Scientists have confirmed that water ice on the Moon has been accumulating steadily for at least 1.5 billion years, with some of the oldest craters holding ice that may be as old as 3 to 3.5 billion years. This finding, published in Nature Astronomy, resolves a long-standing mystery about why ice is unevenly distributed across the lunar poles and provides a clearer roadmap for future human missions aiming to leverage lunar ice as a resource.
The research, based on data from NASA’s Lunar Reconnaissance Orbiter and its Lyman-Alpha Mapping Project instrument, shows a direct correlation between the age of a permanently shadowed region and the amount of water ice it contains. Younger shadowed areas, formed around 100 million years ago, have a higher proportion of exposed ice on the surface — about 3.4% in some cases — while older regions, which have remained in darkness for billions of years, harbor ice buried beneath layers of regolith.
This pattern emerged as the Moon’s axial tilt gradually decreased over time, causing permanently shadowed regions to expand and trap water molecules delivered by comets, asteroids, and solar wind. As modern cold traps formed, they began accumulating ice, while older traps experienced cycles of burial and preservation. The result is a layered history of ice accumulation, where exposure to sunlight in some craters caused ice to sublime and migrate to colder, more stable locations.

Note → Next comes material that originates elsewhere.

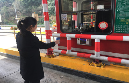 圖為工作人員現(xiàn)場(chǎng)測(cè)試掃描距離 據(jù)悉,使用該項(xiàng)支付方式,司機(jī)只要在到達(dá)收費(fèi)所后,將高速公路通行卡交給收費(fèi)員,然后打開(kāi)手機(jī)支付寶付款碼頁(yè)面,對(duì)準(zhǔn)安裝在收費(fèi)亭外側(cè)的掃描設(shè)備,成功支付后,欄桿便會(huì)自動(dòng)抬桿放行。對(duì)于較大的貨車(chē),收費(fèi)員將使用手動(dòng)掃描儀進(jìn)行操作。 移動(dòng)支付一旦開(kāi)通,不僅將有效解決司乘人員出行時(shí)現(xiàn)金不足問(wèn)題,還將破解收費(fèi)過(guò)程中存在的假鈔和零鈔不足等難題,也為收費(fèi)員省去了核對(duì)現(xiàn)金數(shù)額、辨別錢(qián)幣真?zhèn)巍⒄伊愕墓ぷ髁浚M(jìn)一步提升高速公路通行效率和服務(wù)水平。 項(xiàng)寅曉 陳瑩

One striking example is the Haworth crater near the Moon’s south pole, which has remained in continuous shadow for more than three billion years and shows some of the strongest signals of water ice detected to date. Researchers note that this supports the idea that the Moon has been accumulating water more or less continuously for billions of years, rather than receiving it in a single catastrophic event like a major comet impact.
The findings have direct implications for NASA’s Artemis program and other planned lunar missions. By identifying which craters are most likely to contain accessible, ancient ice reserves, mission planners can prioritize landing sites for in-situ resource utilization — extracting water for drinking, oxygen production, or rocket fuel. The study suggests that the oldest, most stable shadowed regions offer the most reliable long-term resources.
Paul Hayne, a lead researcher on the study, emphasized that the patchy distribution of ice is not random but a direct consequence of the Moon’s evolving orientation and surface conditions over geological timescales. “It’s not concentrated in the same quantities in every crater,” he told Space.com. “And there was no great explanation for that — until now.”
How did scientists determine the age of ice in lunar craters?
By analyzing ultraviolet data from the Lyman-Alpha Mapping Project on the Lunar Reconnaissance Orbiter, researchers linked the visibility and depth of ice deposits to how long a region has remained in permanent shadow, using the Moon’s changing axial tilt as a timeline.
Why is some ice buried while other ice is exposed on the surface?
>Older permanently shadowed regions, which have existed for hundreds of millions to billions of years, have accumulated ice that has been gradually covered by regolith over time, while younger traps, formed around 100 million years ago, still show a higher proportion of exposed ice due to more recent accumulation.
Could this ice be used to support human missions on the Moon?
Yes, the study indicates that the oldest, most stable shadowed regions — such as Haworth crater — contain significant, accessible ice reserves that could be processed for drinking water, oxygen, or rocket fuel, supporting long-term lunar exploration under NASA’s Artemis program.